Gods Genade in Timboektoe

Stephen Saint • 80 - 2004/05 • Uitgave: 21
Gods Genade in Timboektoe



Jarenlang heb ik gedacht dat Timboektoe stond voor ‘het einde van de wereld’. Toen ik uitvond dat het werkelijk een plaats op aarde was, ergens in Afrika, ontwikkelde ik er een bijzondere fascinatie voor. In 1986 maakte ik een zendingsreis naar Afrika en wilde toen absoluut Timboektoe aandoen, hoewel het niet op mijn reisschema stond. Toen ik aankwam ontdekte ik, dat ik in grote moeilijkheden was gekomen. Ik had een vlucht van Bamako in Mali in een vliegtuig van UNICEF naar Timboektoe. Twee UNICEF-artsen zouden vandaar naar Bamako terug vliegen en dan kon ik ook mee terug. Maar dat pakte anders uit. Er was geen vlucht en ik kon niet meer terug.

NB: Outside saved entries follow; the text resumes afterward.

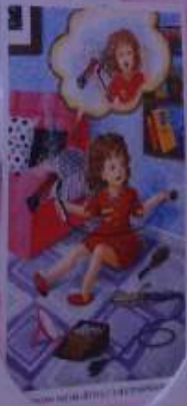
ИТОНА НЕ ДИНСИДЬАКЕТА

Сейчас мы будем учиться шить. Для этого нам нужно иметь швейную машинку. Мы будем шить платье. Для этого нам нужно иметь ткань и нитки. Мы будем шить платье. Для этого нам нужно иметь ткань и нитки.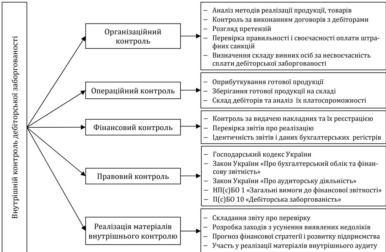
Рис. 2. Модель внутрішнього контролю дебіторської заборгованості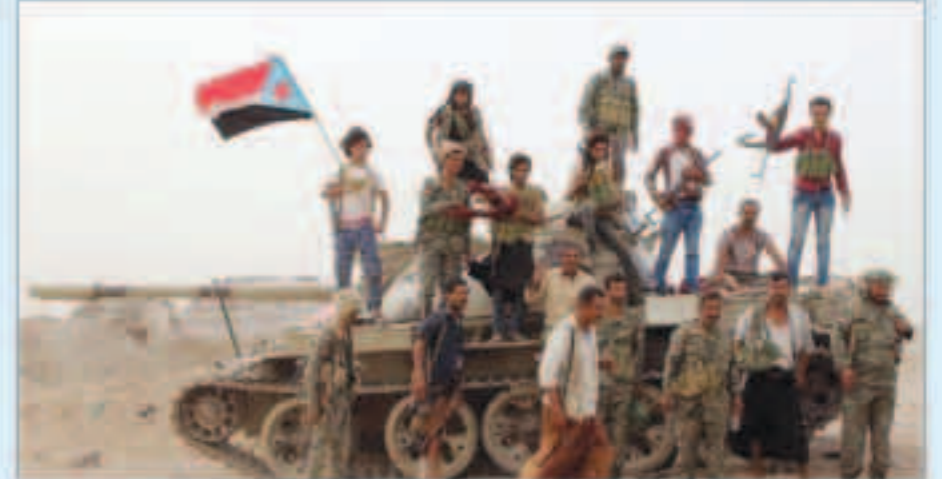
عناصر مسلحة في اليمن

عدن - «وكالات»: أعلن المجلس الانتقالي الجنوبي في اليمن الإدارة الذاتية في الجنوب بعد تعثر اتفاق لتقاسم السلطة تم توقيعه مع الحكومة اليمنية.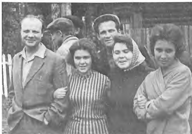
Я (слева) и мои друзья – актеры из Омутинского народного театра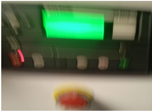
Supervisão do motor (PLC)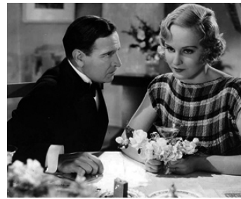
1933 DAY OF RECKONING de Charles Brabin avec Conway Tearle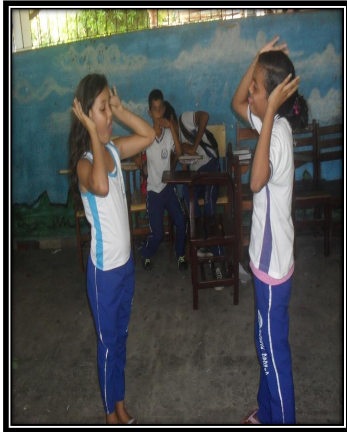
Figura 7 - Jogo do espelho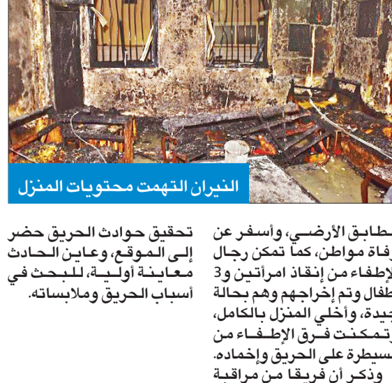
النيران التهمت محتويات المنزل

تذكرت إدارة العلاقات العامة والإعلام في الإدارة العامة للإطفاء، أن حريقاً اندلع مساء الأول، في أحد المنازل الكائنة بمنطقة السرة، أسفر عن وفاة مواطن في العقد الخامس من العمر. وفي التفاصيل التي رواها مدير الإدارة العميد خليل الأمير، أن مركز عمليات الإطفاء تلقى بلاغاً يفيد باندلاع حريق بأحد المنازل الواقعة في منطقة السرة، مع وجود أشخاص محتجزين، وعلى إثره توجهت فرق الإطفاء من مركزي إطفاء الشهداء وحولي. وأضاف العميد الأمير أنه عند وصول فرق الإطفاء للمنزل المكون من 3 طوابق تبين لهم أن الحريق نشب في صالة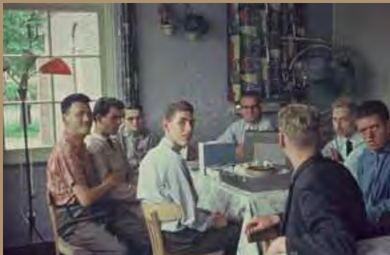
± 1960, hobbyruimte bij Pauluspaviljoen.

Daar stond ik dus in een droge woestijn zonder een sprietje groen. De lucht was geel van het woestijnzand, een temperatuur van tegen de veertig graden bij een woestijnstadje Timboektoe met zo’n 20.000 inwoners.

Men had gezegd te proberen op de markt een vrachtwagen te vinden die me de 500 kilometer terug naar Bamako zou brengen. Maar "ik moest daar wel voorzichtig zijn", hadden ze erbij gezegd, "want westerlingen houden het niet zo lang uit in de droge hitte van de woestijn, als de truck pech zou krijgen onderweg. En dat gebeurt nog al eens". Ik voelde me verloren, omringd door het hete woestijnzand van de Sahara. Sinds mijn aankomst in Afrika was ik overvallen door de extreme omstandigheden van mensen in armoede en honger en nu hier, alleen en zonder de mogelijkheid terug te kunnen keren.

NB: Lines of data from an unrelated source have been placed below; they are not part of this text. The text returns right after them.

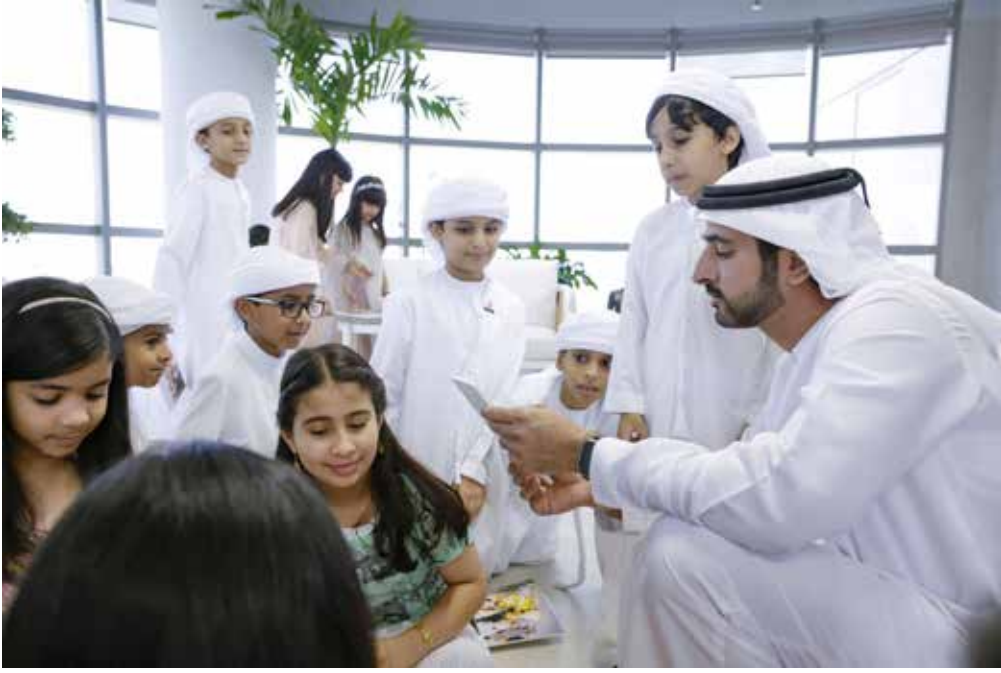
حمدان بن محمد ظل لفانه مجموعة من الأطفال المواطنين المشاركين في تنظيف مرجان دبي عقب الحالة الجوية الاستثنائية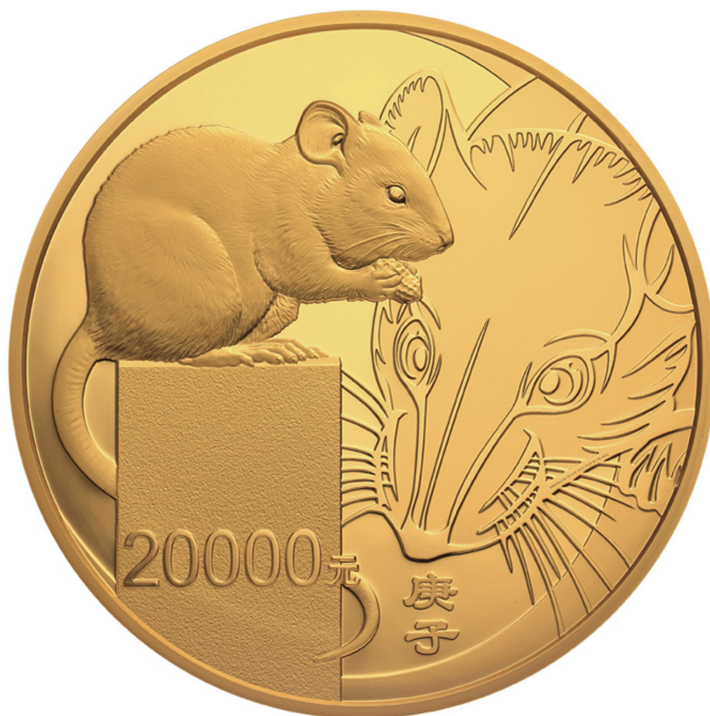
原大 2公斤圆形精制金质纪念币背面图案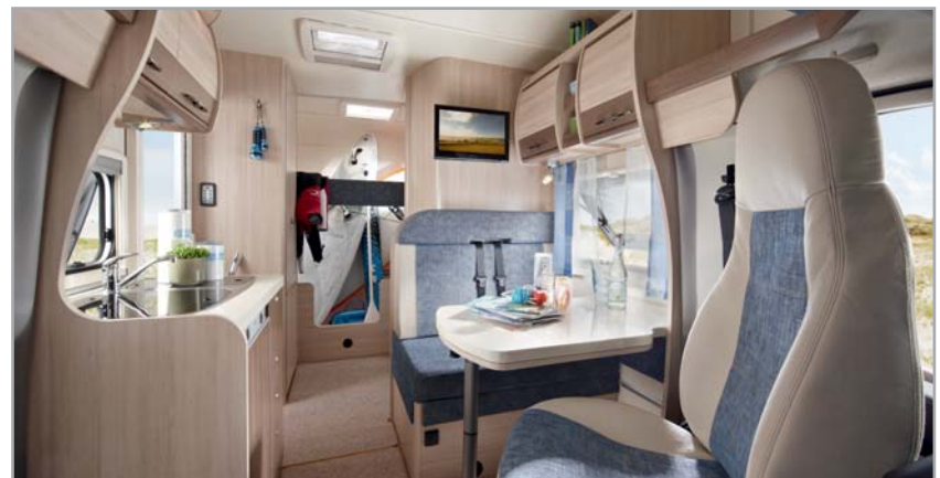
A55 GS SPORT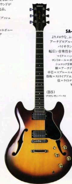
(BS) ブロンズパーペッツ

厳選された素材。細部まで一貫した入念な仕上げ。ハード面でも可能な限りの機能を搭載。その粒立ちのよいサウンドが弾き手の感性に応えるセミアコの逸品。 マイク=ハンパッキングA-I×2 コントロール=ボリゾム×2 トーン(ブリッシュロックSW付)×2,3点SW×1 胴=アーチドスプルース単板トップ 中芯=スプルース+メープル/橋=マホガニー 指板=エボニー/駒・棒=セツトネック 弦=ライトゲージ/重量=3.9kg ¥160,000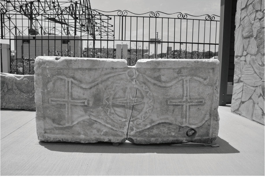
Fig. 3 Ödemiş Müzesi'ndeki lahit teknesinin ön yüzü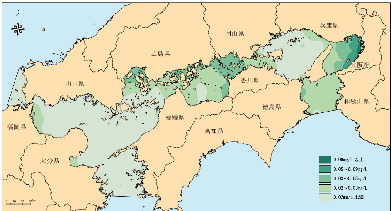
図4-15 令和3年度 全窒素（夏季表層）分布図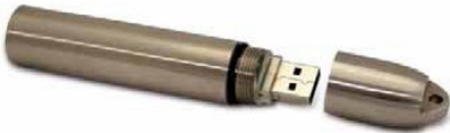
DIMENSIONS All dimensions in mm (inches)

Registrador de temperatura portátil de alta resistencia

De open marktplaats in het centrum van Timboektoe was vol mensen. De mensen droegen lange gewaden en tulbanden tegen de zon. De meeste gewaden waren donkerblauw en de meeste mannen waren bewapend met een soort zwaarden en met dolken. Veel ogen keken mij argwanend aan. Niemand scheen hier een ander te vertrouwen. Misschien wel begrijpelijk. Eens was dit een welvarende streek, maar nu lijkt zelfs het landschap zich tegen de mensen te keren. Droogte had vruchtbaar grasland veranderd in woestijn. Onophoudelijke droogte en zandstormen hadden zelfs het dierenleven uitgeroeid. Mensen waren bij duizenden omgekomen. Ik ging van de één naar de ander om iemand te vinden die een beetje Engels sprak. Uiteindelijk verstond een locale politieman mijn gebroken Frans, waarin ik hem duidelijk maakte dat ik naar Bamako wilde en daarom met een vrachtwagen mee wilde rijden. Zijn ogen gingen wijd open: "Er is geen vrachtwagen, er is ook geen begaanbare weg, alleen zand". Ik werd kennelijk oorzaak van grote opwinding op het marktplein. Omgeven door springende en dansende kinderen realiseerde ik mij de ernst van de situatie. Ik probeerde kalm te blijven en rustig na te denken. "Wat ga ik nu doen?" vroeg ik aan mezelf. "Als ik nu toch even met mijn vader kon overleggen. Hij wist uit ervaring als geen ander, wat het betekende alleen te zijn in een vreemd land", bedacht ik. Maar mijn vader, Nate Saint, was al jaren dood. Hij was één van de vijf zendelingen, die door de Auca’s in 1956 waren vermoord in de jungle van Ecuador. Ik was toen vijf jaar oud. Ik herinnerde me slechts enkele flarden van hem: een lange man met een vastberaden doel in zijn leven en een snelwerkend verstand. Hij was piloot en vloog zendelingen en artsen naar afgelegen gebieden in de jungle. Ik had hem zoveel willen vragen, vooral nu ik zelf vader ben. Maar bovenal ook vragen over geloof en hoe te handelen vanuit dat geloof in het dagelijkse werk. In Mali voelde ik voor het eerst in mijn leven hoe het was, omgeven te zijn door mensen die vijandig staan tegenover het christelijk geloof, locale mensen en ook Westerse ontwikkelingswerkers daar. Mijn vader moet hetzelfde hebben ervaren in Ecuador onder de Indianen daar. Hoe vaak heb ik hetzelfde gezegd als mijn vader toen: "Mijn God is echt. Hij is een persoonlijke God, met Wie ik een één-op-één-relatie mag hebben".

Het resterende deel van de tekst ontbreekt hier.